The Death of Vishnu skillfully captures the struggles of urban life, even if its central religious metaphor jerks the reader back and forth between reality, fantasy, past, present and future. In order to understand the author’s frequent mythological references, it’s best to brush up on the basics of Hinduism. However, even those who dive into The Death of Vishnu unfamiliar with the Vedas will be awed by the rare treats of this sophisticated, elegant novel.

Suri’s work was inspired by the actual death of Vishnu, a man who had lived and died on the steps of the author’s childhood home in Bombay. The Death of Vishnu depicts the slow, poignant demise of the title character, an odd-job man whose limp body lies motionless on the landing as the intertwined lives of the building’s inhabitants unfold around him. The light shining through the windows plays on Vishnu’s face as it “passes through his closed eyelids and whispers his past to him,” during his final ascension of the apartment stairs. As his old, weak frame rises into the air above, “the spell of gravity is broken, all the scents he has smelled are upon him, blending together to form a new aroma,” and his body changes into something liquid and luminous. He turns into his namesake, the god Vishnu. According to Hindu mythology, whenever there is an imbalance between good and evil, Vishnu, “the preserver,” is born to re-establish order. The deity of Vishnu has emerged from the old man’s body to sort out the emotions flying through the apartment block, which are completely out of equilibrium. Suri explores the deeper workings of human nature as he approaches an electrifying catharsis of illumination, love, and loss.

Suri’s prose, with its glowing, sensual language and powerful imagery, fluidly draws readers into the mystical world of the gods, with its potent, spicy-sweet scents: “The perfume is so thick and potent that he can feel it press against his face. Except that now it is the earth his nostrils are pressed against, earth that is wet and aromatic, earth that smells sweet and loamy…it is the land, it is fertility…it is an aroma he has never smelled before, but recognizes instantly”

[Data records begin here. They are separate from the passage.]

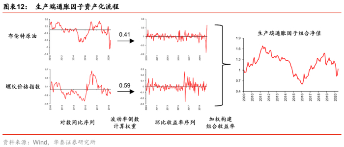 3. 生产端通胀因子:资产化前由PPI生产资料代理,资产化后由布伦特原油和螺纹钢价格指数合成(波动率倒数加权法)。
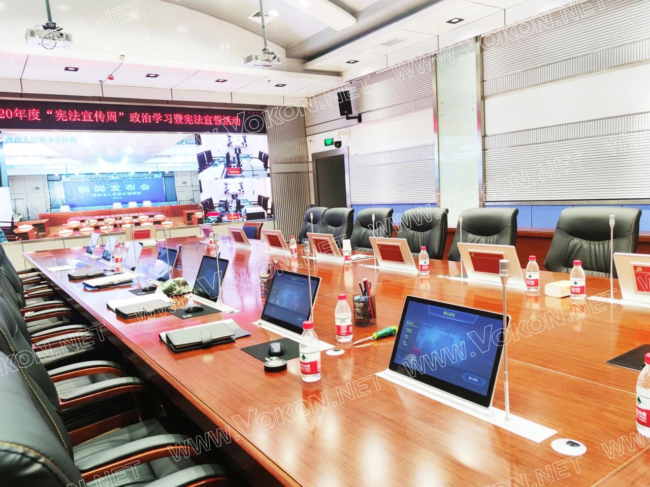 武裝部會(huì)議室需要升級(jí)配套會(huì)議設(shè)備,部署VOKON數(shù)字會(huì)議+品質(zhì)擴(kuò)聲+遠(yuǎn)程視頻會(huì)議+中控系統(tǒng)等聲光電整體解決方案!設(shè)備操作簡(jiǎn)單,安全穩(wěn)定,管控簡(jiǎn)單,呈現(xiàn)效果獲得領(lǐng)導(dǎo)的一致好評(píng),滿足部隊(duì)日常會(huì)議的不同功能要求!
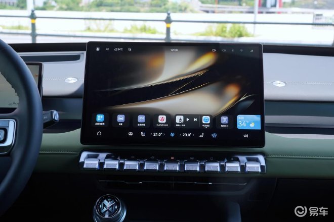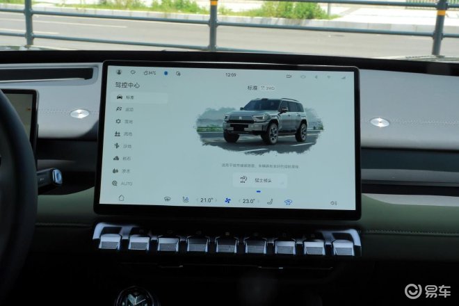 内饰方面,猛士M817中控屏幕下方保留了大量机械物理按键,兼顾硬派复古风,同时又带来更便捷的操作体验。飞航旋钮可玩性很高,可控制驾驶模式切换:标准/运动/AUTO/雪地/深雪/泥地/岩石/沙地/涉水,细节点缀科技感十足。
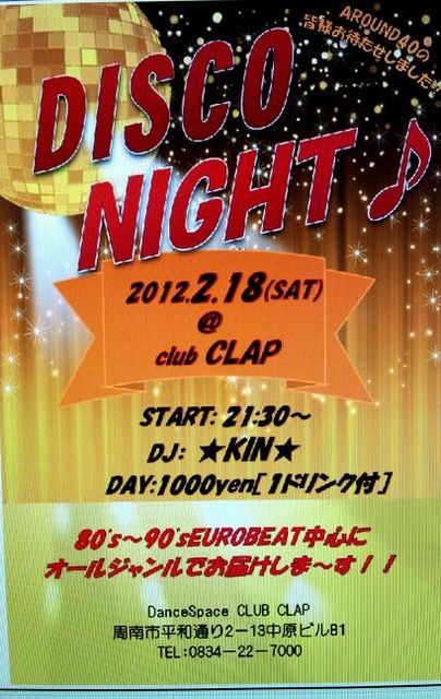 管理人様、告知失礼します。 2/18土曜に山口の周南(徳山)のクラブクラップで、 久々のディスコナイト開催で〜す。 懐かしいマハラジャでおなじみのユーロビートを 中心にオールジャンルで、夜9時半〜朝2時(予定)で、 入場料金は1000円です。 フロアは全面鏡張りで広くて踊りがいありますよ〜。 前日までならリクエストも受付ます。 周南市平和通り2−13中原ビル地下1階、TEL、0834-22-7000 すぐ近くの立体駐車場がおすすめです。 ピピ510. 所在地. 周南市糀町117. 概要 【収容台数】 510台 【営業時間】
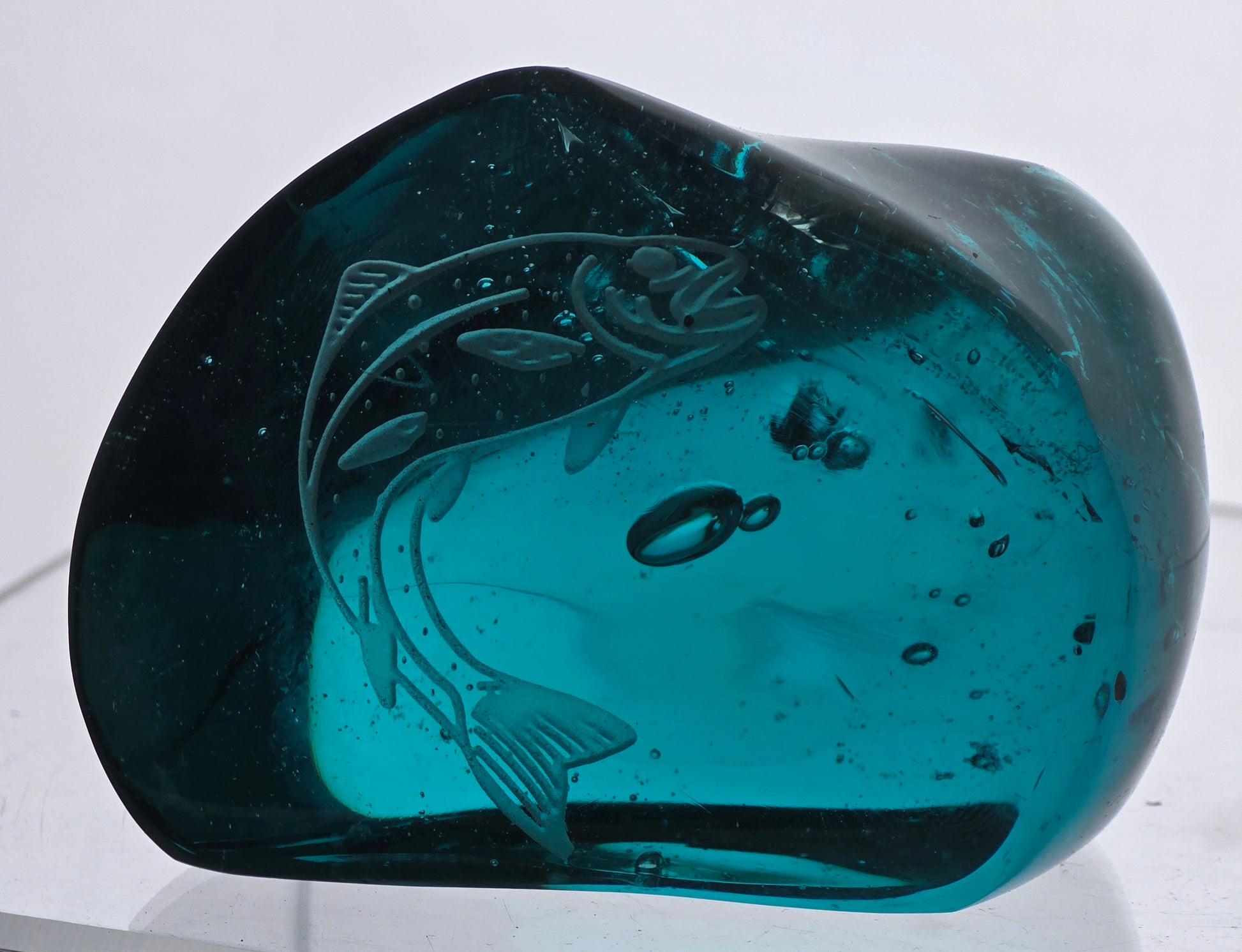 Hand crafted art glass paperweight from L.E. Smith Etched fish Glows

Suri has called the Bombay apartment building in The Death of Vishnu a microcosm for the ethno-political map of India. The novel chronicles several relationships within the building: a pair of feuding housewives, a bereaved widower who lives in his own past, lovesick teenagers, and a Muslim couple whose marriage is failing fast. By focusing the chapters of his novel on how these different characters interact with one another and with Vishnu, Suri is able to show how religion, death, faith, and unexpected changes all work together to define each person’s individuality.

Religious issues distress several of Suri’s characters, including the Hindu Asrani family on the first floor and the Muslim Jalals on the second. Kavita, the beautiful, teenage Asrani daughter, must choose between the high-class Hindu engineer her parents have selected for her, and her true love, Salim Jalal. Kavita and Salim’s secret relationship places a huge strain on the entire apartment community. Vishnu agrees to become their “alerter,” and shares vicariously in the dangerous lust and innocent beauty of first-time love.

Meanwhile, Salim’s father, Ahmed Jalal, in his deep effort to understand the obstinacy and hysteria of religion, is determined to experience “this thing they call faith.” Rejecting his intellectualism in favor of enlightenment, he begins to leave his wife at night and sleep wrapped up in the calm darkness of Vishnu’s body. It is at these points in The Death of Vishnu that Suri’s novel crosses the threshold between awesome and extraordinary. Suri’s detailed account of Jalal’s vision of Vishnu is so exquisitely crafted that it almost seems to be an out-of-body experience for the reader as well.